The administration’s recovery plan centers on a massive, nearly two trillion-dollar relief effort as well as what could be the biggest infrastructure-spending proposal since the New Deal. And there is much to revitalize in U.S. infrastructure. The same report that gave U.S. freight railroads high marks also gave low grades to taxpayer-funded transportation infrastructure. Bridges, ports and roads, for example, continue to age and suffer from overuse. Reflecting their poor condition, ASCE respectively gave these systems grades of C, B- and D.
“It’s time to stop talking about infrastructure and finally start building infrastructure,” President Biden said, reflecting widespread frustration over stalled efforts over the last several years and the sorry state of much infrastructure.
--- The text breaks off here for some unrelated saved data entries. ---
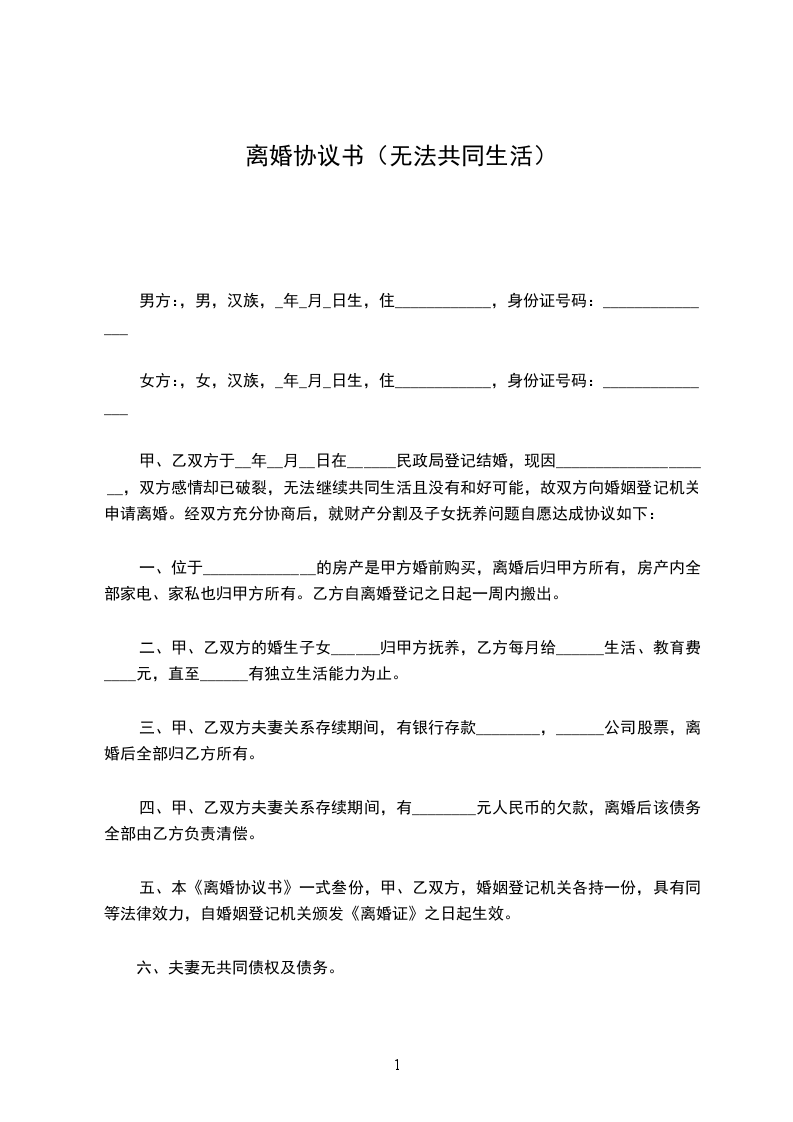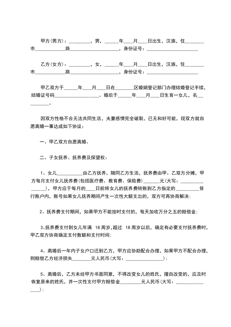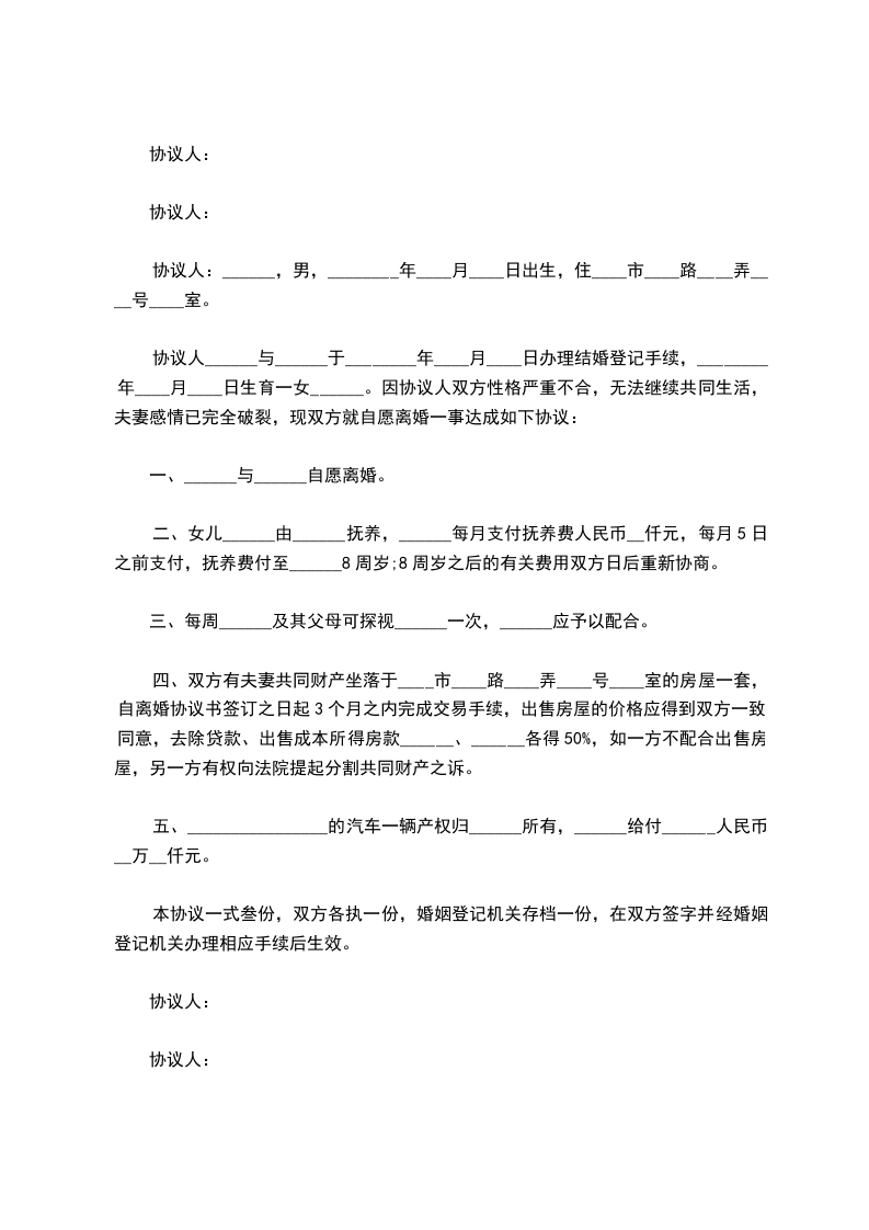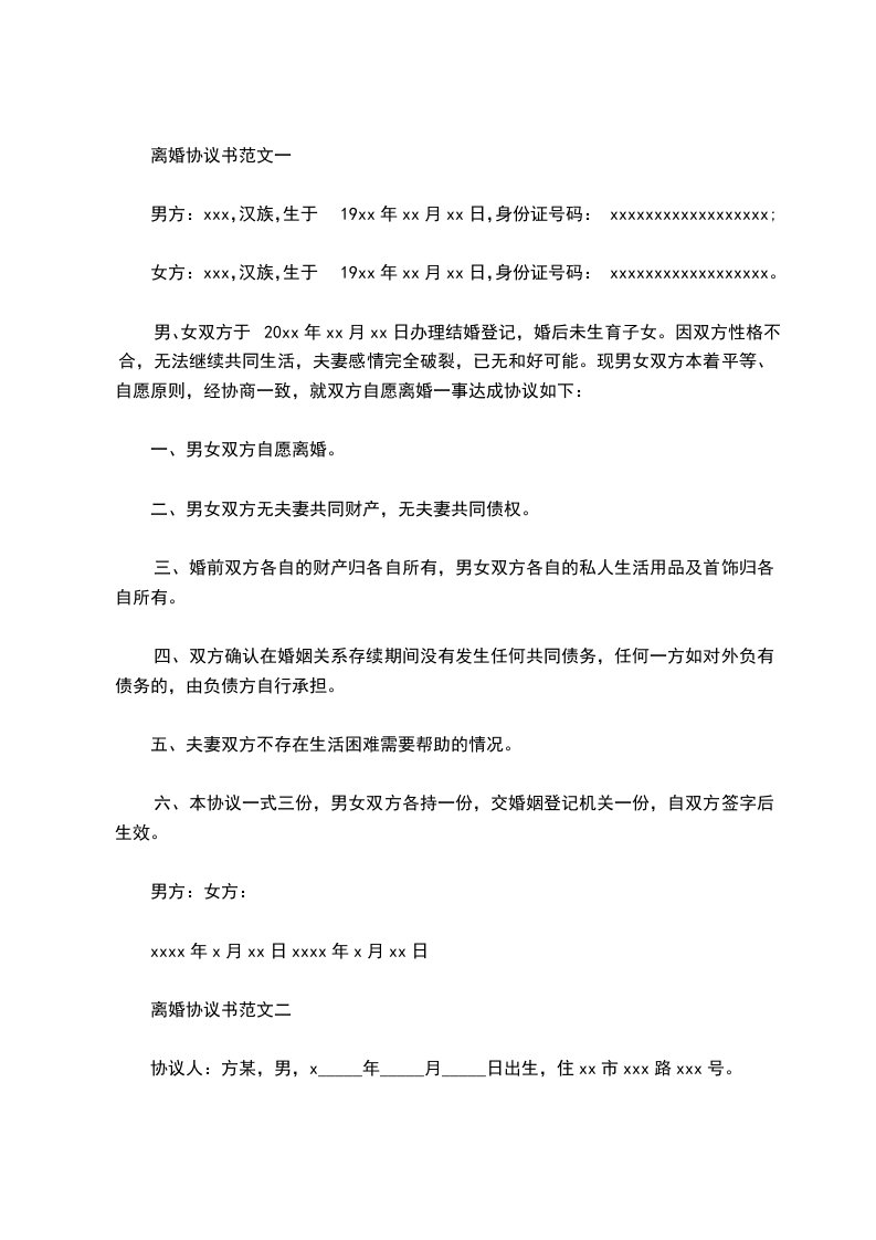 男、女双方于20xx年xx月xx日办理结婚登记,婚后未生育子女。因双方性格不合,无法继续共同生活,夫妻感情完全破裂,已无和好可能。现男女双方本着平等、自愿原则,经协商一致,就双方自愿离婚一事达成协议如下: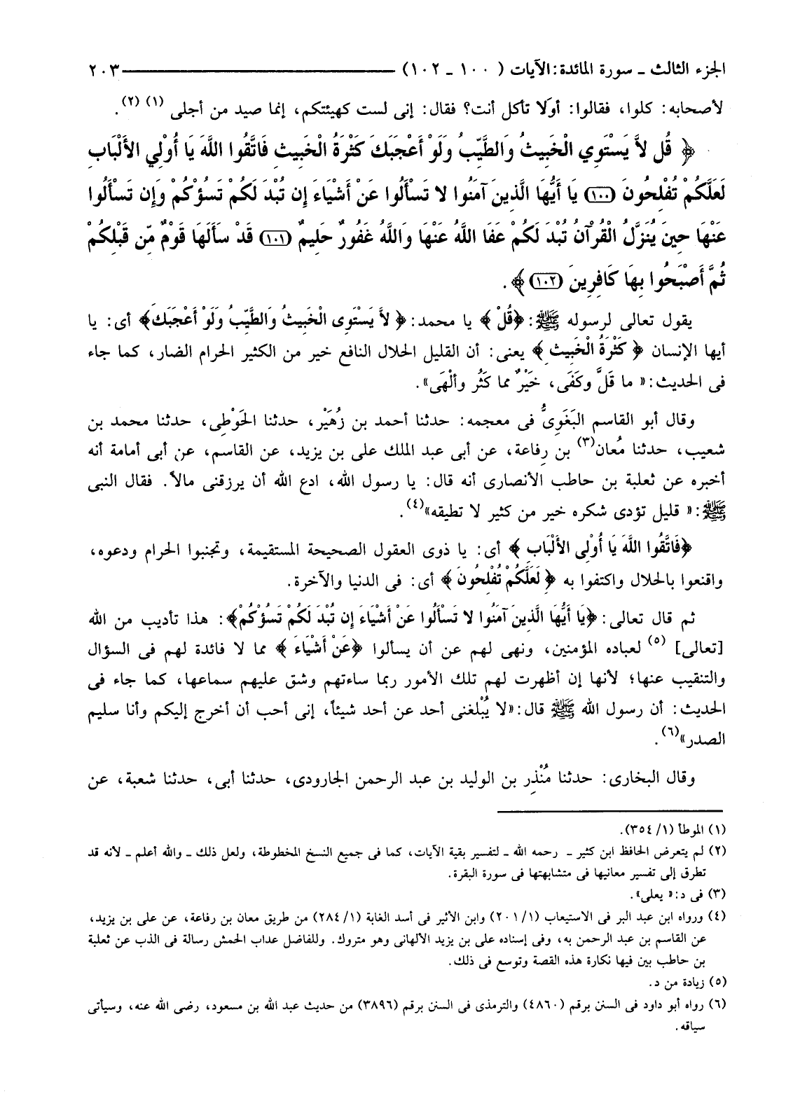 {قُلْ لَا يَسْتَوِي الْخَبِيثُ وَالطَّيِّبُ وَلَوْ أَعْجَبَكَ كَثْرَةُ الْخَبِيثِ فَاتَّقُوا اللَّهَ يَا أُولِي الألْبَابِ لَعَلَّكُمْ تُفْلِحُونَ (100) يَا أَيُّهَا الَّذِينَ آمَنُوا لَا تَسْأَلُوا عَنْ أَشْيَاءَ إِنْ تُبْدَ لَكُمْ تَسُؤْكُمْ وَإِنْ تَسْأَلُوا عَنْهَا حِينَ يُنزلُ الْقُرْآنُ تُبْدَ لَكُمْ عَفَا اللَّهُ عَنْهَا وَاللَّهُ غَفُورٌ حَلِيمٌ (101) قَدْ سَأَلَهَا قَوْمٌ مِنْ قَبْلِكُمْ ثُمَّ أَصْبَحُوا بِهَا كَافِرِينَ (102) }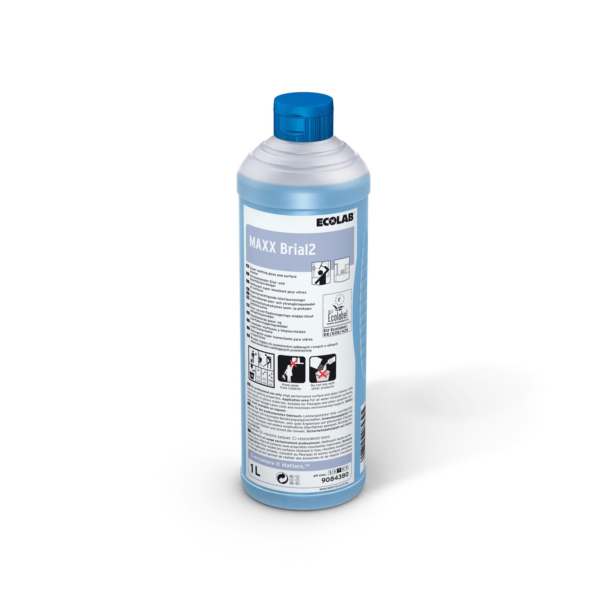 MAXX Brial2 er et stærkt koncentreret, befugtende rengøringsmiddel fra Ecolab, designet til daglig rengøring af kontorer, offentlige bygninger, skoler og hospitaler. Produktet er effektivt på glas, vandafvisende og porøse overflader, og efterlader ingen striber.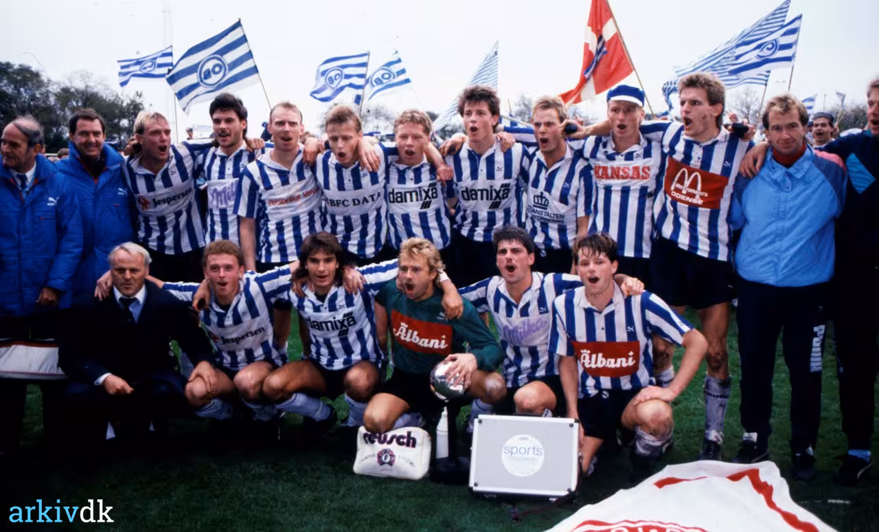 OB's danske mestre i 1989. Billedet er taget lige efter den sidste kamp i sæsonen på udebane mod Boldklubben Frem, en kamp OB vandt 1-2 på mål af Lars Jakobsen og Jan Topp Rasmussen, for Frem scorede Erik Rasmussen.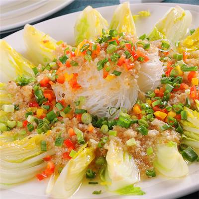 4、蒜和香葱分别切成末,粉丝用温水泡软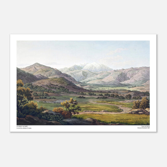 El monte Olimpo, visto entre Larissa y Baba, es una ilustración de la colección Vistas de Grecia a partir de dibujos publicada por Edward Dodwell en 1821.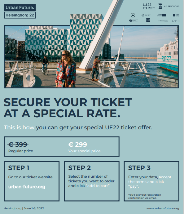 Together with Urban Future 22, we would like to offer you a special price to join us at the Urban Future Conference 1-2 June in Helsingborg:

As the ASCE report makes plain, one major difference between freight railroads and other modes of transportation is that railroads are not a burden on taxpayers. America’s freight railroads own, build, maintain, operate and pay for their infrastructure with little government assistance, investing approximately $25 billion annually. Freight railroads stand nearly alone as a stakeholder not seeking large sums of federal dollars in any infrastructure bill.
A Good Deal for Taxpayers
Whatever infrastructure proposal the administration and Congress hash out, increasing the reliance on freight rail is a good deal for taxpayers. That’s because the nearly 140,000-mile freight rail network can take more freight off the roads — and railroads in turn lessen the physical and financial burdens placed on public highways. And with the U.S. Department of Transportation projecting a 30% increase in freight demand by 2040, it’s more important than ever to ensure railroads can continue to privately maintain their critical infrastructure.
U.S. freight railroads are one of the most productive and cost-effective transportation networks in the world, hauling more freight than any other transportation mode and connecting consumers and businesses across the country. But they can — and will do — much more, as the nation turns to this vital industry to arrest environmental damage and nurture economic recovery.